WORK INSTRUCTIONS:
Keep the images out while you retype all of the data exactly.

PROVIDED DATA:
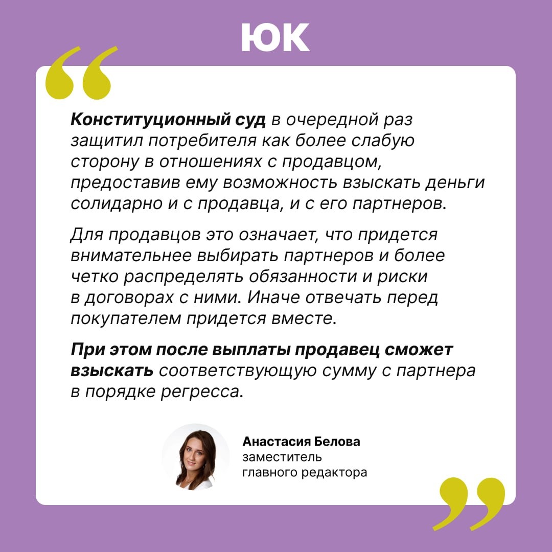 ➡️Конституционный суд признал, что статья 322 ГК не исключает солидарную ответственность продавца автомобиля и компании, через которую была оформлена навязанная покупателю услуга, например, гарантия, страховка или иной дополнительный сервис. Поводом стало дело, в котором покупатель приобрел автомобиль со скидкой. Но скидка предоставлялась только при условии, что покупатель приобретет допуслуги у партнеров продавца, в том числе независимую гарантию. Позднее покупатель отказался от этой услуги и потребовал вернуть деньги. Компания, с которой был заключен договор на гарантию, отказалась. Тогда покупатель попытался взыскать деньги с автосалона и его партнера-гаранта солидарно. Суды отказали. Они исходили из того, что договор на гарантию был заключен не с продавцом автомобиля, а с отдельной организацией. Значит, именно она и должна отвечать перед покупателем. Дело дошло до Конституционного суда. И он занял другую позицию. ⚖️ КС указал: связанность договоров еще не означает, что продаве
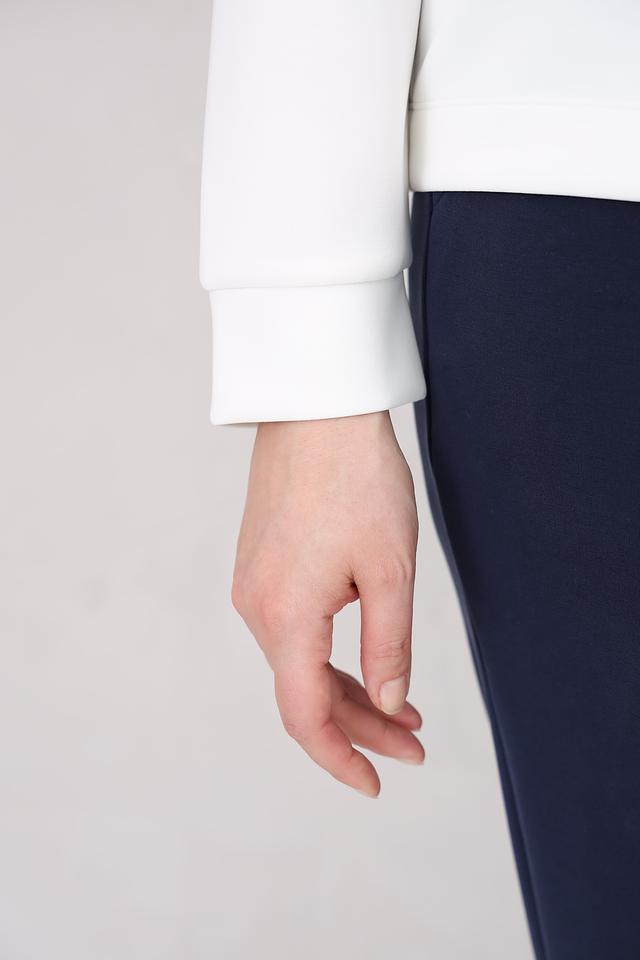 Состав ткани включает 48% модал, 47% полиэстер и 5% эластан. Модал придает пуловеру мягкость и приятные тактильные ощущения, полиэстер обеспечивает устойчивость к деформации, а эластан – хорошую посадку по фигуре и свободу движений.
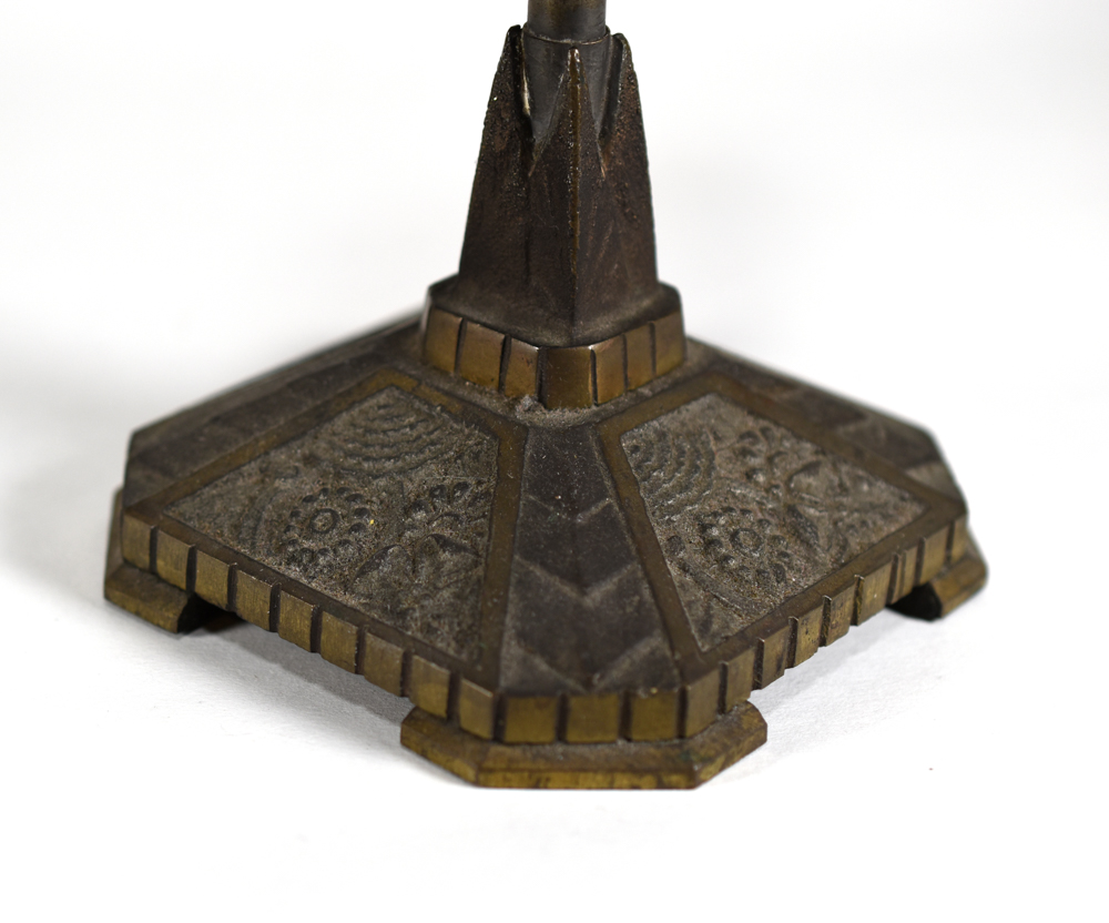 Antique card rise with an iron base patterned in Art Deco-style motifs. Frame in which cards rest is wooden with a metal divider. Various places for string to be run or other gimmicks to be hidden, but does not include string or other mechanism. Frame a bit loose and worn, metal divider a bit bent. Underside of base shows oxidation. Generally in good condition for age.
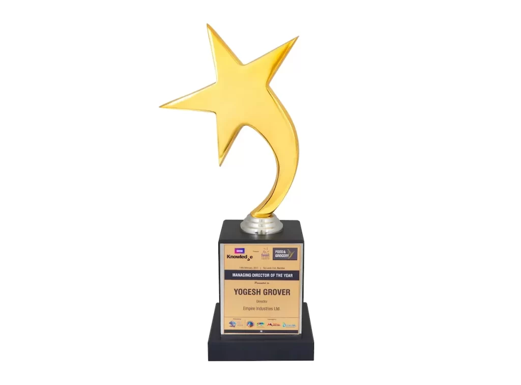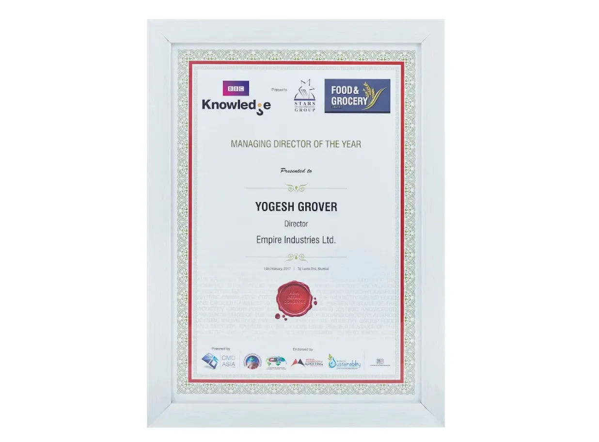 Mr. Yogesh Grover, Director of Empire Industries Ltd., was honored with the “Managing Director of the Year” award at the Food & Grocery Awards, presented by BBC Knowledge & Stars Group, in recognition of his outstanding leadership and contribution to the food and grocery industry.

EXERCISE ANSWER:
 ➡️Конституционный суд признал, что статья 322 ГК не исключает солидарную ответственность продавца автомобиля и компании, через которую была оформлена навязанная покупателю услуга, например, гарантия, страховка или иной дополнительный сервис. Поводом стало дело, в котором покупатель приобрел автомобиль со скидкой. Но скидка предоставлялась только при условии, что покупатель приобретет допуслуги у партнеров продавца, в том числе независимую гарантию. Позднее покупатель отказался от этой услуги и потребовал вернуть деньги. Компания, с которой был заключен договор на гарантию, отказалась. Тогда покупатель попытался взыскать деньги с автосалона и его партнера-гаранта солидарно. Суды отказали. Они исходили из того, что договор на гарантию был заключен не с продавцом автомобиля, а с отдельной организацией. Значит, именно она и должна отвечать перед покупателем. Дело дошло до Конституционного суда. И он занял другую позицию. ⚖️ КС указал: связанность договоров еще не означает, что продаве
 Состав ткани включает 48% модал, 47% полиэстер и 5% эластан. Модал придает пуловеру мягкость и приятные тактильные ощущения, полиэстер обеспечивает устойчивость к деформации, а эластан – хорошую посадку по фигуре и свободу движений.
 Antique card rise with an iron base patterned in Art Deco-style motifs. Frame in which cards rest is wooden with a metal divider. Various places for string to be run or other gimmicks to be hidden, but does not include string or other mechanism. Frame a bit loose and worn, metal divider a bit bent. Underside of base shows oxidation. Generally in good condition for age.
 Mr. Yogesh Grover, Director of Empire Industries Ltd., was honored with the “Managing Director of the Year” award at the Food & Grocery Awards, presented by BBC Knowledge & Stars Group, in recognition of his outstanding leadership and contribution to the food and grocery industry.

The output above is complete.